The code that you have given is a port of PHPASS, specifically the "portable" algorithm. Note the qualification of portable. This will only apply to the phpass library if you pass true as the second constructor parameter. From here on out in this answer, phpass refers ONLY to the portable algorithm, and not the library itself. The library will do bcrypt by default if you do not explicitly specify portable...

The PHPBB team did not develop this themselves (a very good thing), but ported it from phpass directly (arguable).

There are a few questions we should ask here:

Is It Bad?

The short answer is no, it's not bad. It offers pretty good security. If you have code on this right now, I wouldn't be in a rush to get off it. It's adequate for most usages. But with that said, there are far better alternatives if you were starting a new project that I wouldn't pick it.

What are some weaknesses?

  • Relative To pbkdf2: The phpass algorithm uses hash() where pbkdf2() uses hash_hmac(). Now, a HMAC runs 2 hashes for every call internally, but the PHP implementation only takes approximately 1.6 times the execution of a single call to hash() (isn't C wonderful?). So we get 2 hashes from hash_hmac in 62% of the time it would take hash() to execute 2 hashes.

    What does that mean? Well, for a given runtime, pbkdf2 will run approximately 37.5% more hashes than the phpass algorithm. More hashes in a given time == good, because it results in more computation being performed.

    So pbkdf2 is approximately 37.5% stronger than phpass when using the same primitive (md5 in this case). But pbkdf2 can also take stronger primitives.
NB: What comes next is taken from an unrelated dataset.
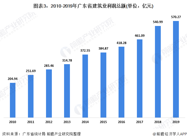 2019年,广东省全社会建筑业增加值4255.07亿元,比上年增长5.9%;实现利税总额1094.41亿元,同比增长10.0%;利润总额570.27亿元,同比增长5.9%。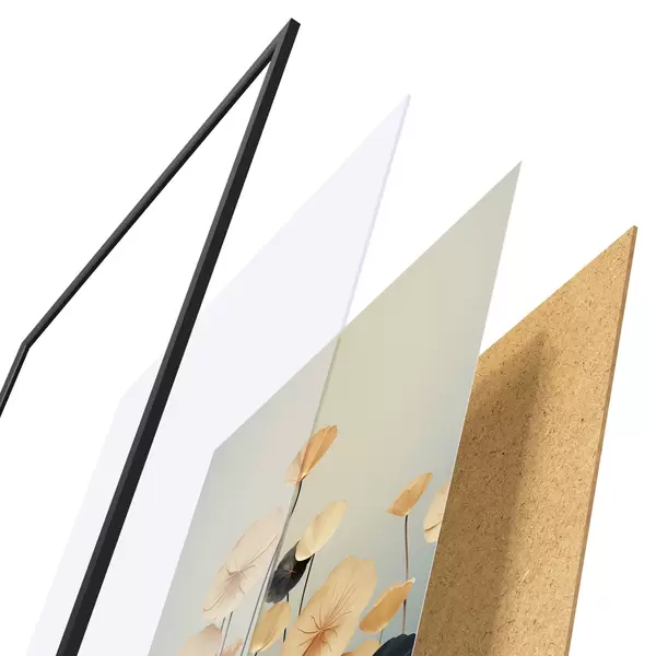 L’affiche encadrée est composée d’un cadre, d’un plexiglas, d’une image imprimée et d’un support en aggloméré. Elle est prête à être accrochée au mur grâce aux fixations situées à l’arrière.

So we can use pbkdf2 with sha512 to gain a very significant advantage over the phpass algorithm (mainly because sha512 is a harder algorithm with more computation than md5).

    This means that not only is pbkdf2 able to generate more computations in the same amount of time, it's able to generate harder computations.

    With that said, the difference isn't overly significant. It's very much measurable, and pbkdf2 is definitely "stronger" than phpass.

  • Relative To bcrypt: This is a lot harder of a comparison to make. But let's look at the surface of it. phpass uses md5, and a loop in PHP. pbkdf2 uses any primitive (in C) and a loop in PHP. bcrypt uses a custom algorithm all in C (meaning it's a different algorithm from any available hash). So right of the bat, bcrypt has a significant advantage just do to the fact that the algorithm is all in C. This allows for more "computation" per unit time. Thereby making it a more efficient slow algorithm (more computations in the given runtime).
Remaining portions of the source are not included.